(Stored records)
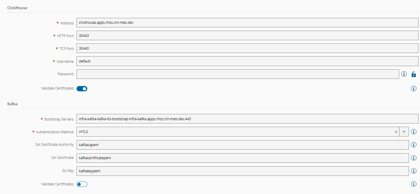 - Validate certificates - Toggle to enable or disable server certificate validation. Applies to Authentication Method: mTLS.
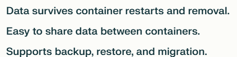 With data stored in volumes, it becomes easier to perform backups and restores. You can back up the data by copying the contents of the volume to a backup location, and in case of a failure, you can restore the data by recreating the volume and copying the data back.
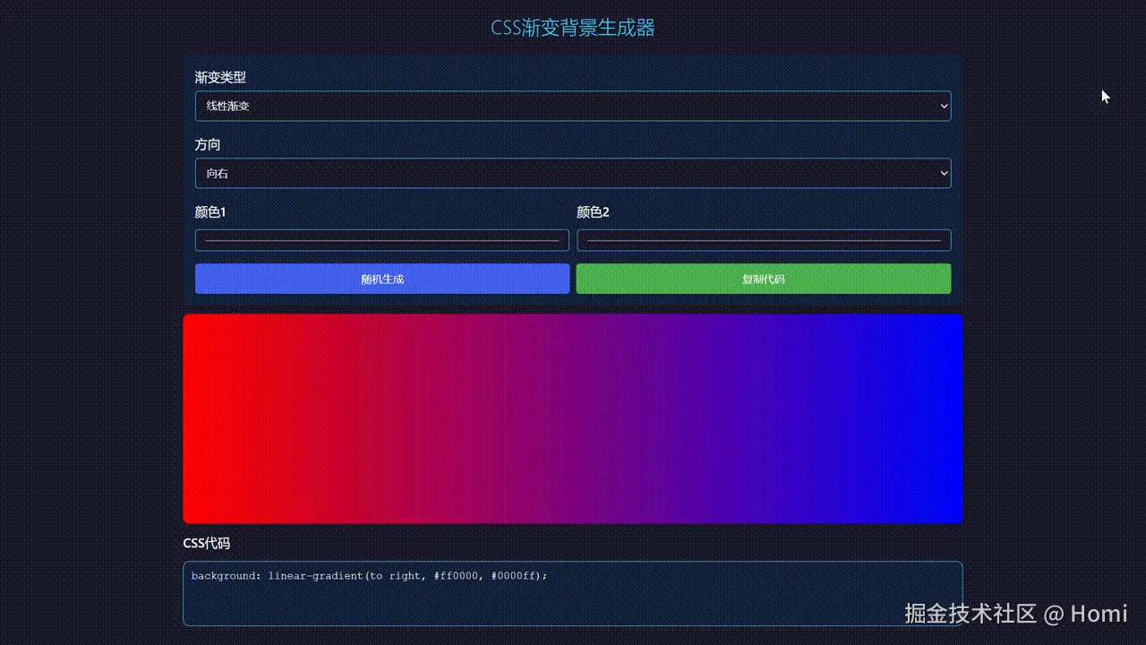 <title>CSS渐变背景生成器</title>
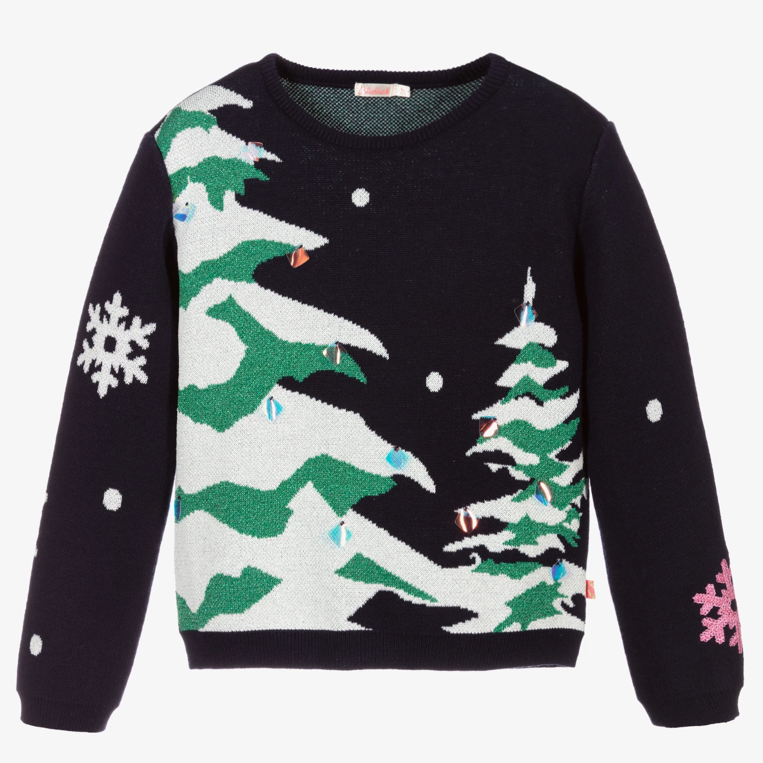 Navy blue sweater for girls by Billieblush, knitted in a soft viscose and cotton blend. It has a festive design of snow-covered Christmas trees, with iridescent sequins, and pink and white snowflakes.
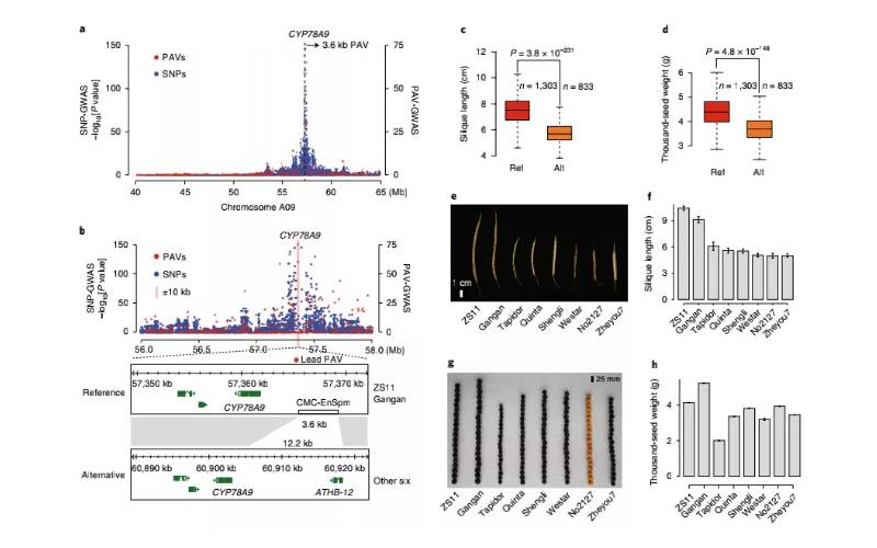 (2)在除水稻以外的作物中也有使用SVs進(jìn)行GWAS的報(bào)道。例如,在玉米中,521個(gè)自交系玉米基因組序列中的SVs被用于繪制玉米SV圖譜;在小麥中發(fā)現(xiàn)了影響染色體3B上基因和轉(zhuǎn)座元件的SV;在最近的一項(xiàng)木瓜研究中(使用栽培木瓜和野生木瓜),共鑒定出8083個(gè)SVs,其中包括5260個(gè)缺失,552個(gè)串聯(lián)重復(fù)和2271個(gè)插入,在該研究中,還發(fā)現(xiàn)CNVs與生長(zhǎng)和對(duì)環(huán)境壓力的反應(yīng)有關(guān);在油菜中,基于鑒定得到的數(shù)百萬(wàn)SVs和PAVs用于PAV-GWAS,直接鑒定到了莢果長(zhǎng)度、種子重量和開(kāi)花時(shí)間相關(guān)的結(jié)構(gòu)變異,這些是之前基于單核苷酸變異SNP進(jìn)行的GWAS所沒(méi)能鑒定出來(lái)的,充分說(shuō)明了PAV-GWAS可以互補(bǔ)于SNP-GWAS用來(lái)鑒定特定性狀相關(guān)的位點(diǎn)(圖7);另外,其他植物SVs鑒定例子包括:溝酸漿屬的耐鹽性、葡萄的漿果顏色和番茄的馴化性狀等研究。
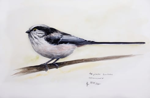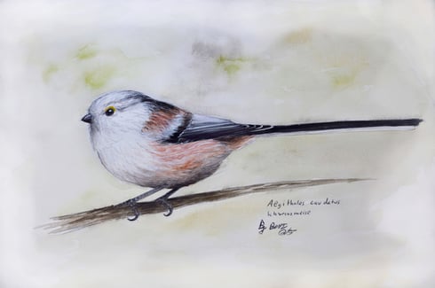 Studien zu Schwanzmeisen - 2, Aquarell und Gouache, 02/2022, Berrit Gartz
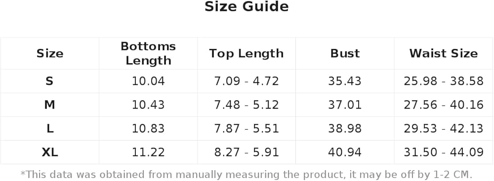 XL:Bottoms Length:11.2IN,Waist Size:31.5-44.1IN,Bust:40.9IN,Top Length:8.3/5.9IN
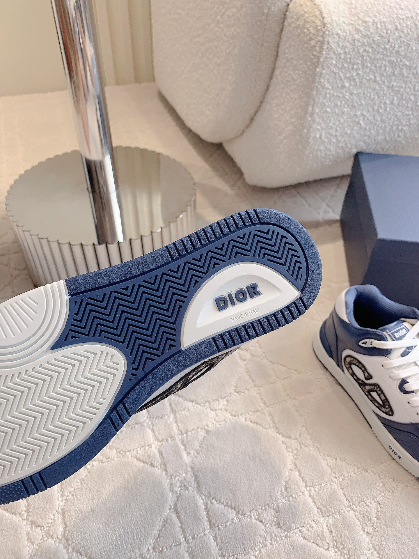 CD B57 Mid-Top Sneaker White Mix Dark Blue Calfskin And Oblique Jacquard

--- WHAT TO WORK ON ---
What you need to produce is an exact copy of the entries above, limited to the lines from the one with "<title>CSS渐变背景生成器</title>" up to and including the one with "XL:Bottoms Length:11.2IN,Waist Size:31.5-44.1IN,Bust:40.9IN,Top", without pictures.

--- REPLY TO THE EXERCISE ---
 <title>CSS渐变背景生成器</title>
 Navy blue sweater for girls by Billieblush, knitted in a soft viscose and cotton blend. It has a festive design of snow-covered Christmas trees, with iridescent sequins, and pink and white snowflakes.
 (2)在除水稻以外的作物中也有使用SVs進(jìn)行GWAS的報(bào)道。例如,在玉米中,521個(gè)自交系玉米基因組序列中的SVs被用于繪制玉米SV圖譜;在小麥中發(fā)現(xiàn)了影響染色體3B上基因和轉(zhuǎn)座元件的SV;在最近的一項(xiàng)木瓜研究中(使用栽培木瓜和野生木瓜),共鑒定出8083個(gè)SVs,其中包括5260個(gè)缺失,552個(gè)串聯(lián)重復(fù)和2271個(gè)插入,在該研究中,還發(fā)現(xiàn)CNVs與生長(zhǎng)和對(duì)環(huán)境壓力的反應(yīng)有關(guān);在油菜中,基于鑒定得到的數(shù)百萬(wàn)SVs和PAVs用于PAV-GWAS,直接鑒定到了莢果長(zhǎng)度、種子重量和開(kāi)花時(shí)間相關(guān)的結(jié)構(gòu)變異,這些是之前基于單核苷酸變異SNP進(jìn)行的GWAS所沒(méi)能鑒定出來(lái)的,充分說(shuō)明了PAV-GWAS可以互補(bǔ)于SNP-GWAS用來(lái)鑒定特定性狀相關(guān)的位點(diǎn)(圖7);另外,其他植物SVs鑒定例子包括:溝酸漿屬的耐鹽性、葡萄的漿果顏色和番茄的馴化性狀等研究。
 Studien zu Schwanzmeisen - 2, Aquarell und Gouache, 02/2022, Berrit Gartz
 XL:Bottoms Length:11.2IN,Waist Size:31.5-44.1IN,Bust:40.9IN,Top Length:8.3/5.9IN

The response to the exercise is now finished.